Isabel Archer, one of James's most fully drawn characters, has postponed a marriage in America for a year of travel abroad, only to discover upon her precipitate and ill-considered marriage to an American living in Florence, that it is her need to be independent that makes her marriage a disaster. Gilbert Osmond, an American art collector living in Florence, marries Isabel for the fortune she has inherited from her uncle, treating her like an object d'art which he expects to remain "on the shelf." Madame Serena Merle, his long-time lover, is, like Osmond, an American whose venality and lack of scruples have been encouraged, if not developed, by the European milieu in which they live.
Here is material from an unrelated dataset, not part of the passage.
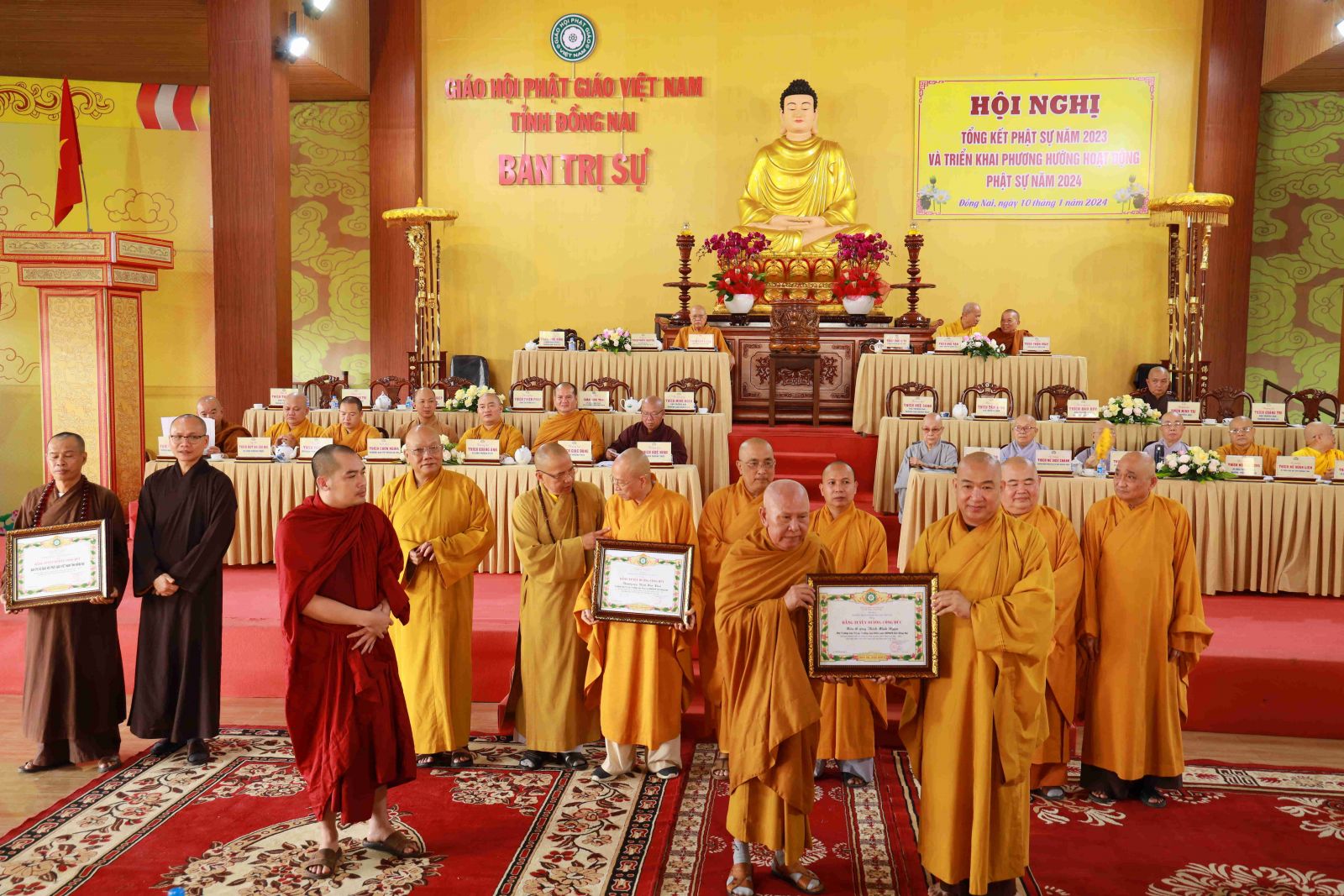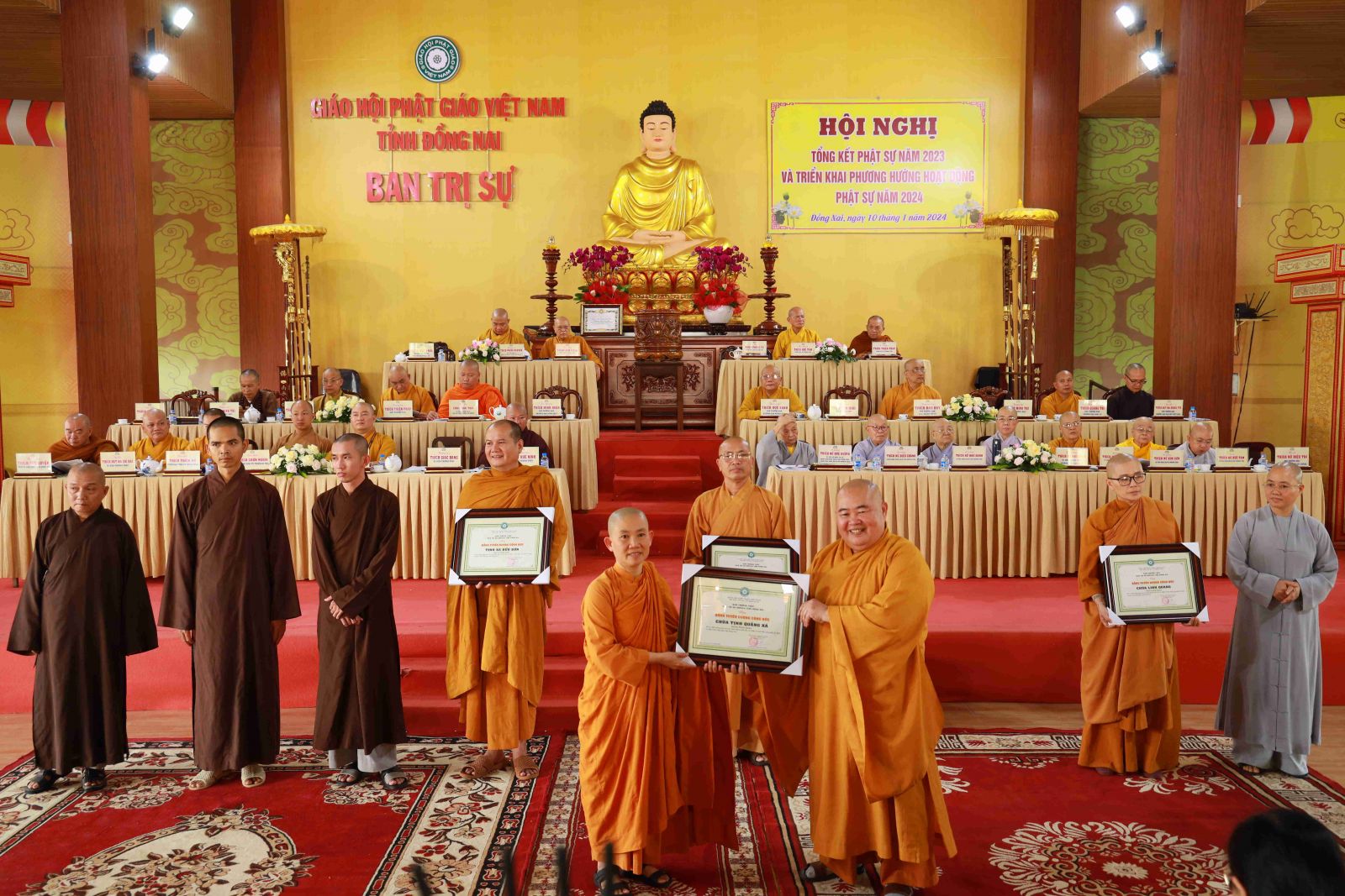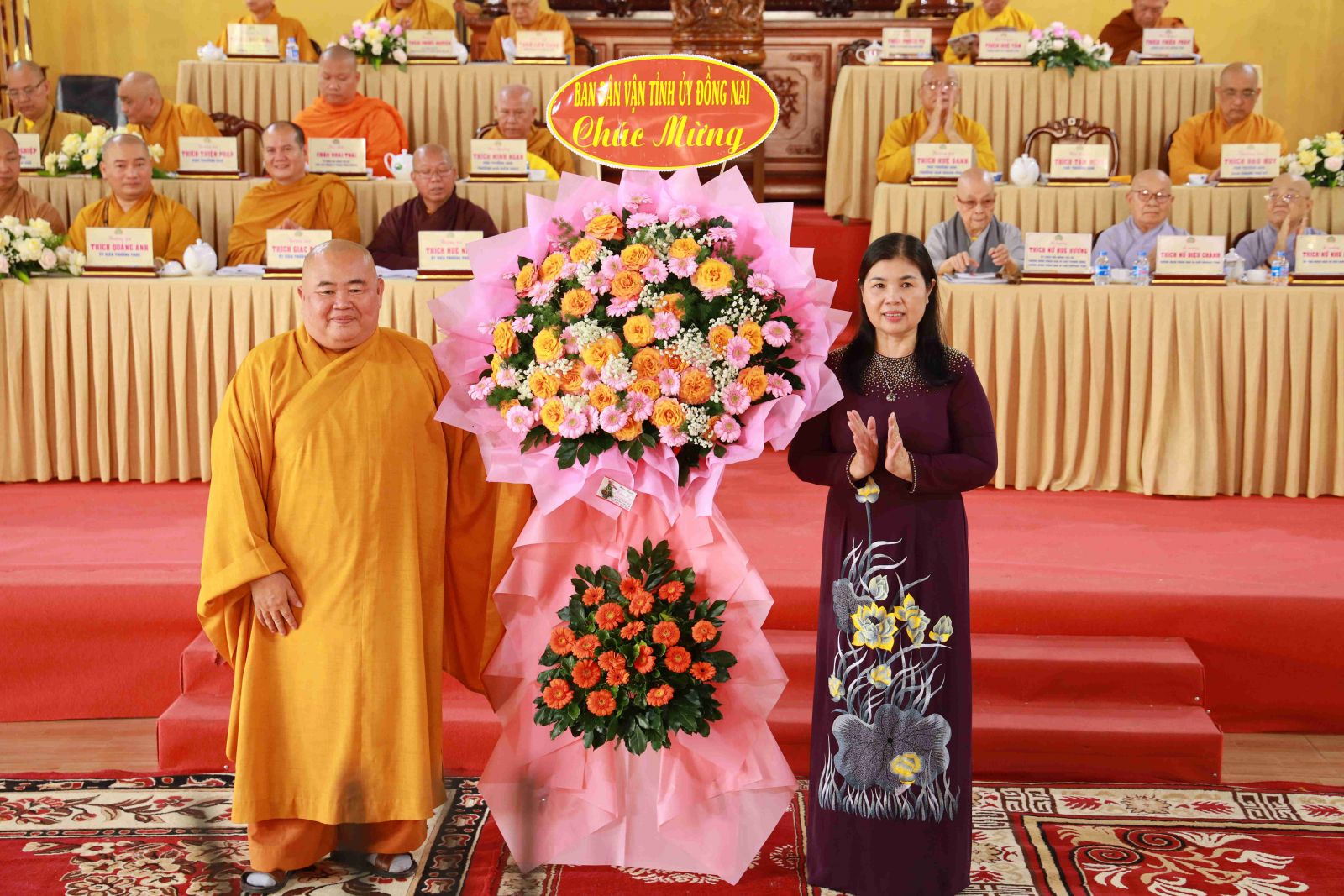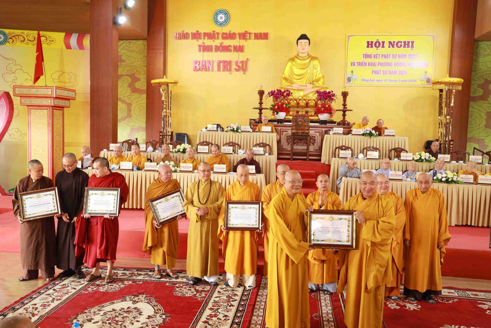 Chúc mừng Hội nghị tổng kết công tác Phật sự năm 2023 của Ban Trị sự GHPGVN tỉnh Đồng Nai, Hội đồng Trị sự và các ban ngành đã trao tặng các lẵng hoa chúc mừng.

James packs more information into one paragraph than many writers do in an entire chapter. Distanced and formal, he presents psychologically realistic characters whose behavior is a direct outgrowth of their upbringing, their conflicts resulting from the differences between their expectations and the reality of their changed settings. The subordinate characters, Ralph Touchett, Pansy Osmond, her suitor Edward Rosier, American journalist Henrietta Stackpole, Isabel's former suitor Caspar Stackpole, and Lord Warburton, whose love of Isabel leads him to court Pansy, are as fascinating psychologically and as much a product of their own upbringing as is Isabel.

As the setting moves from America to England, Paris, Florence, and Rome, James develops his themes, and as Isabel's life becomes more complex, her increasingly difficult and emotionally affecting choices about her life make her increasingly fascinating to the reader. James's trenchant observations about the relationship between individuals and society and about the effects of one's setting on one's behavior are enhanced by the elegance and density of his prose, making this a novel one must read slowly--and savor. Mary Whipple


2 out of 5 stars Just say no   October 13, 2003
 6 out of 32 found this review helpful

I can only assume the fame of Henry James results from a dearth of candidates for '19thC American novelist'. This is a deadly boring book; worse, it is pointless. There is no message. Just the surface of the lives of idle rich upper-middle-class Yanks. Even though it isn't technically bad, or badly written exactly, there's no point spending many hours reading it. The characters are supposed to be showing great depths of emotion but they are so dry: it is not possible to believe in Isabel Archer as a woman.


4 out of 5 stars New World womanhood suppressed but triumphant   April 1, 2003
 3 out of 5 found this review helpful

Isobel Archer, the cream of American womanhood, makes an unhappy marriage and lives in a fascinating but decadent Italy. Her New World classlessness belies her ease and familiarity among English aristocracy. Isobel's willingness to endure her living despair at her domestic and Europe-bound constraints results from her personal moral values which her North American Puritan background has given her.

Being British myself, I took 'The Portrait of a Lady' more seriously at first than when I reflected hard upon the declining Henry James's own succumbing to Old Europe's temptations by becoming a British subject in 1915, shortly before his death. But its sheer power as a novel stands. A must for Donald Rumsfeld's retirement reading.


5 out of 5 stars A masterpiece of world litterature   October 9, 2002
 6 out of 7 found this review helpful

What makes this book a masterpiece is the incredible art of creating characters. The complexity, the nuances and the strength of the characters created can only be compared with stendhal or flauber. James also succeeds in portraying british and american society in the beginning of the century forming a comparison still quite relevant. The language is brilliant and the story beautiful. A must-read.